The Big Pickup

Albany’s annual spring cleaning event provided me with a great opportunity to do something out of the ordinary with my grandson this weekend while performing a small act of service for the community.  Porter (almost 2) and I showed up at Simpson Park Saturday morning prepared to pick up litter or do whatever we were told.  Porter has been introduced to the world of work by way of a backpack he occupies while his parents or grandparents are mowing the lawn, tending flowers, or, at least on one occasion, cutting wood.  He has great supervisory experience.

We chose to help out with cutting back blackberry bushes along the trail next to Cox Creek and Talking Water Gardens after receiving good instructions from a local school science teacher.  Porter quickly decided I could do better work if I let him get down to play on the Garden side of the trail.  I was a little surprised at how good he was for the two hours I spent cutting and piling blackberry brush.  Porter found his own snacks in the backpack and entertained himself by eating, watching grandpa work, and occasionally wandering down into the wetlands (dry at the moment).
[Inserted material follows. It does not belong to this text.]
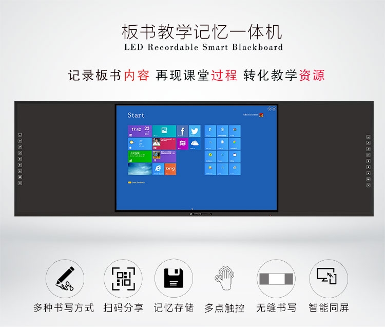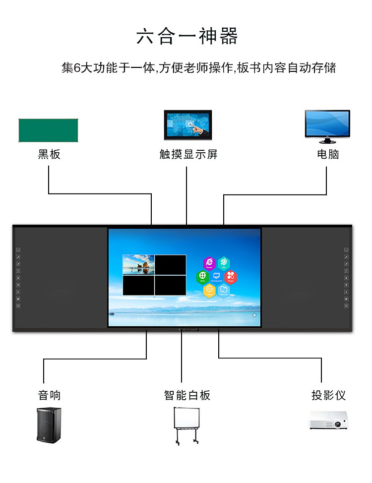 記憶成人看片免费APP-集電腦、音箱、展台、智能中控、白板於一體,采用一體化無縫拚接設計美觀大氣,電控展台方便收納,紅外二十點觸控滿足多人同時書寫,板麵采用冷軋麵板防撞防刮,尺寸擴展性強,滿足不同教學場景需求。

The Big Pickup is, to me, another example of the healing power of service.  It is so easy to become absorbed or distracted by the demands of everyday life or the countless entertainment options most of us enjoy that it’s easy to forget about the greater community and the satisfaction we can earn by simply lending a hand.  I find that whenever I’m feeling down or fatigued the chance to be of service to someone always seems to make me feel better.  My problem is that the good feelings are too easily overwhelmed by the dread associated with taking on another obligation.  This weekend was a good reminder that the obligations are often what make life worthwhile.  Porter will soon forget his morning outing, but I never will.

I appreciate all the hard work that went into organizing the Pickup and the many hours of labor contributed by people throughout the community.  I met some nice people from Betaseed and got a chance to chat with Mayor Konopa, who was registering participants.  Heather Slocum, Marilyn Smith, Lynn Hinrichs, Rick Barnett, Kim Kagelaris, Ron Humphries, Tom Ten Pas, Mary Gaeta, and Bret Johnson were all major contributors to organizing this year’s event and making it successful.  The purpose of the Big Pickup is to do some cleaning and focus on the importance of keeping Albany an attractive place.  I was glad to be a small part of that and even happier for a few hours in the sun with Porter.